However, there are some systematic differences in the timing and the relative size of the extreme values of hemispheric shifts between SOLIS and WSO. The maximum of the southern SOLIS shift in the (admittedly, partially covered) cycle 23 occurs in mid-2005, and the level in 2003−2004 remains relatively lower than in WSO at the same time. In addition, the southern shift maximum in 2005 is much larger than the maximum (absolute) shift in the north, contrary to simultaneous WSO observations. During cycle 24, the extreme of the southern SOLIS shift at the turn of 2014−2015 coincides very well with the WSO shift extremum. However, the two first SOLIS shift extrema in the north in early and late 2014 (see middle panel of Fig. 2) are much higher with respect to the third peak in 2016 than the relative height of the two peaks for WSO shifts (see middle panel of Fig. 1, where only the latter two are seen and noted as extrema).
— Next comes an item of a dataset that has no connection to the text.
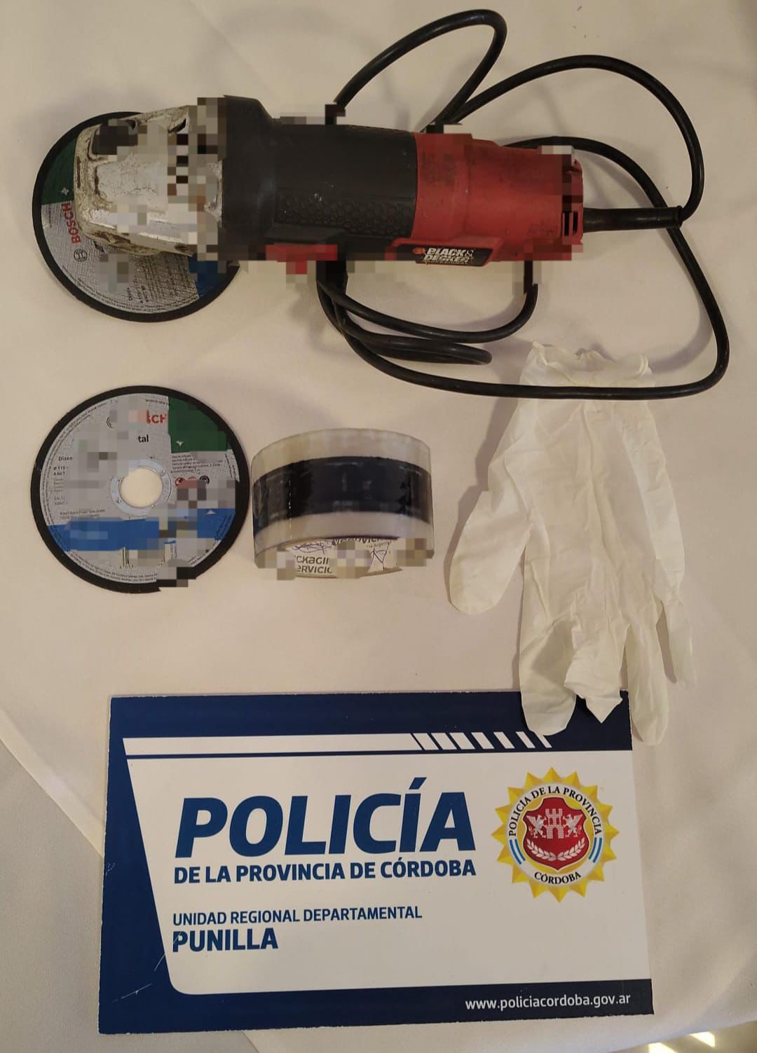 Entre los elementos secuestrados se encontraron amoladoras y herramientas de corte.

Because of the small data gaps in SOLIS synoptic maps and in Fig. 2 these considerations regarding the differences in the timing and relative height of the shift extrema between WSO and SOLIS might be thought to be not solid or significant. In order to further study these differences and to prove that not only are they valid, but also interesting and essential, we depict in Fig. 3 the SOLIS hemispheric shifts for four additional (lower) resolutions, obtained from the original data by block averaging (for more details, see Getachew et al. 2019a).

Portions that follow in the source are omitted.